#### Source material:

---+---

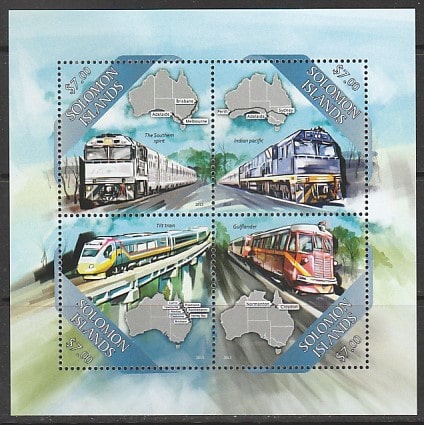 Соломоновы острова 2013 год. Австралийские железные дороги, малый лист.
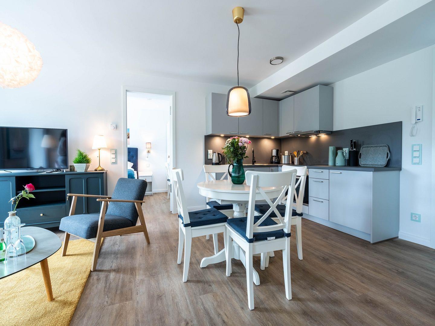 Dünenresidenz Neues Prora, Wohnzimmer mit LCD-TV, Balkon, eingerichtete Küchenzeile mit Geschirrspüler und Backofen, 2 Schlafzimmer mit Doppelbett und Fernseher, Bad mit Dusche, kostenfreier WLAN-Anschluss, Haustiere erlaubt, Nichtraucher
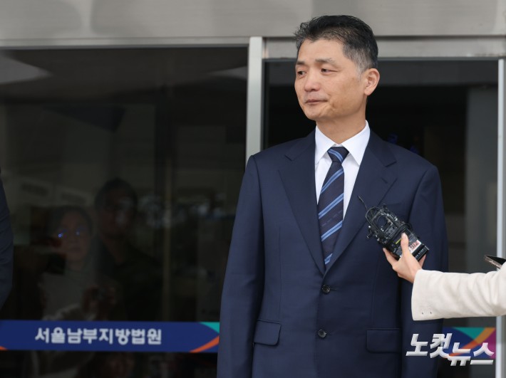 SM엔터테인먼트 시세 조종 혐의로 재판에 넘겨져 1심에서 무죄를 선고받은 카카오 창업자 김범수 경영쇄신위원장이 21일 오전 서울 양천구 남부지방법원을 나서며 입장을 밝히고 있다.

---+---

Print the listing exactly, minus any pictures.

#### Reply to the task:
 Соломоновы острова 2013 год. Австралийские железные дороги, малый лист.
 Dünenresidenz Neues Prora, Wohnzimmer mit LCD-TV, Balkon, eingerichtete Küchenzeile mit Geschirrspüler und Backofen, 2 Schlafzimmer mit Doppelbett und Fernseher, Bad mit Dusche, kostenfreier WLAN-Anschluss, Haustiere erlaubt, Nichtraucher
 SM엔터테인먼트 시세 조종 혐의로 재판에 넘겨져 1심에서 무죄를 선고받은 카카오 창업자 김범수 경영쇄신위원장이 21일 오전 서울 양천구 남부지방법원을 나서며 입장을 밝히고 있다.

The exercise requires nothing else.